First, here are three new stories from The Atlantic:

Welcome to the big blur. Ted Lasso is no longer trying to feel good. How please stopped being polite A Chatty Child

Before I get into OpenAI’s new robot wonder, a quick personal story.

As a high-school student studying for my college-entrance exams roughly two decades ago, I absorbed a bit of trivia from my test-prep CD-ROM: Standardized tests such as the SAT and ACT don’t measure how smart you are, or even what you know. Instead, they are designed to gauge your performance on a specific set of tasks—that is, on the exams themselves. In other words, as I gleaned from the nice people at Kaplan, they are tests to test how you test.
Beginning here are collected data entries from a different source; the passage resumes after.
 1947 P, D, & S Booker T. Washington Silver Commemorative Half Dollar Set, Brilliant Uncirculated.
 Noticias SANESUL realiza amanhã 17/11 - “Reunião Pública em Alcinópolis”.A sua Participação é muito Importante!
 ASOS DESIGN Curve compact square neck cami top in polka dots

I share this anecdote not only because, as has been widely reported, GPT-4 scored better than 90 percent of test takers on a simulated bar exam, and got a 710 out of 800 on the reading and writing section of the SAT. Rather, it provides an example of how one’s mastery of certain categories of tasks can easily be mistaken for broader skill command or competence. This misconception worked out well for teenage me, a mediocre student who nonetheless conned her way into a respectable university on the merits of a few crams.

But just as tests are unreliable indicators of scholastic aptitude, GPT-4’s facility with words and syntax doesn’t necessarily amount to intelligence—simply, to a capacity for reasoning and analytic thought. What it does reveal is how difficult it can be for humans to tell the difference.
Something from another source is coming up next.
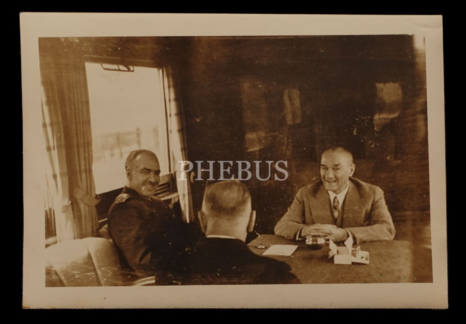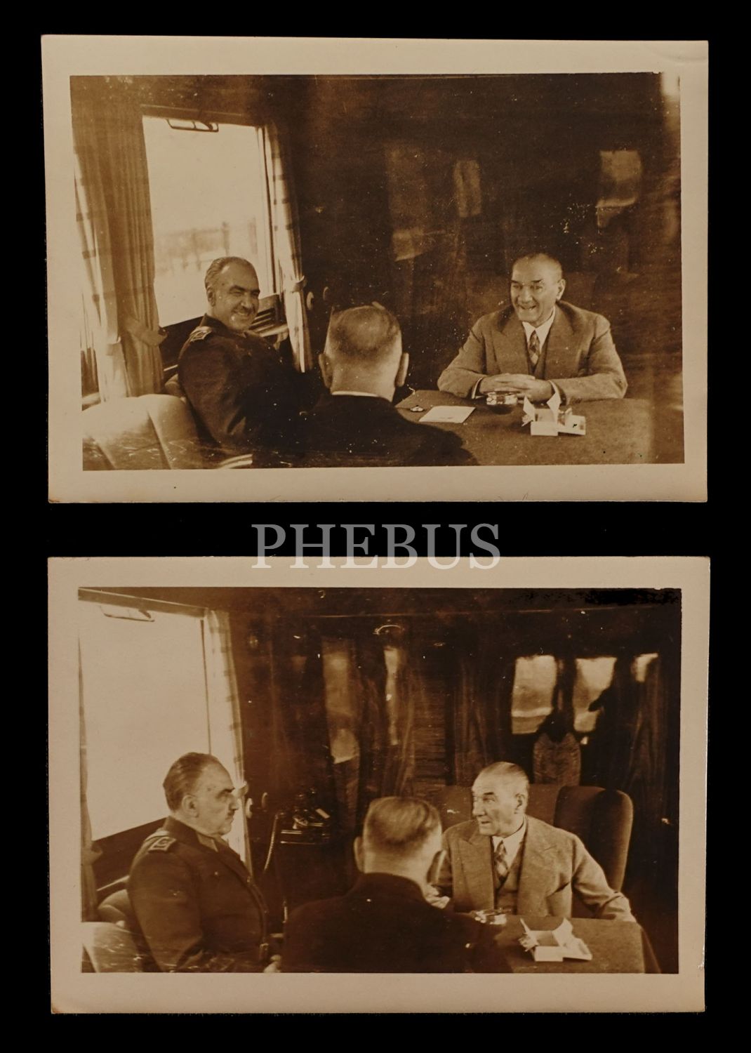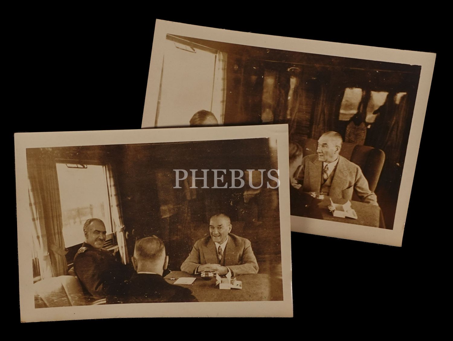 Mustafa Kemal Atatürk, Fevzi Çakmak ve Salih Bozok´un, bir tren seyahatinde keyifli bir sohbete daldıkları esnada alınmış iki adet enstantane fotoğrafı, 12x8 cm...

“Even as LLMs are great at producing boilerplate copy, many critics say they fundamentally don’t and perhaps cannot understand the world,” my colleague Matteo Wong wrote yesterday. “They are something like autocomplete on PCP, a drug that gives users a false sense of invincibility and heightened capacities for delusion.”
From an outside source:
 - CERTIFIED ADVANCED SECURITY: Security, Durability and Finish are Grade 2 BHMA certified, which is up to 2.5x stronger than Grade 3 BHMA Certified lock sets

How false is that sense of invincibility, you might ask? Quite, as even OpenAI will admit.

“Great care should be taken when using language model outputs, particularly in high-stakes contexts,” OpenAI representatives cautioned yesterday in a blog post announcing GPT-4’s arrival.

Although the new model has such facility with language that, as the writer Stephen Marche noted yesterday in The Atlantic, it can generate text that’s virtually indistinguishable from that of a human professional, its user-prompted bloviations aren’t necessarily deep—let alone true. Like other large-language models before it, GPT-4 “‘hallucinates’ facts and makes reasoning errors,” according to OpenAI’s blog post. Predictive text generators come up with things to say based on the likelihood that a given combination of word patterns would come together in relation to a user’s prompt, not as the result of a process of thought.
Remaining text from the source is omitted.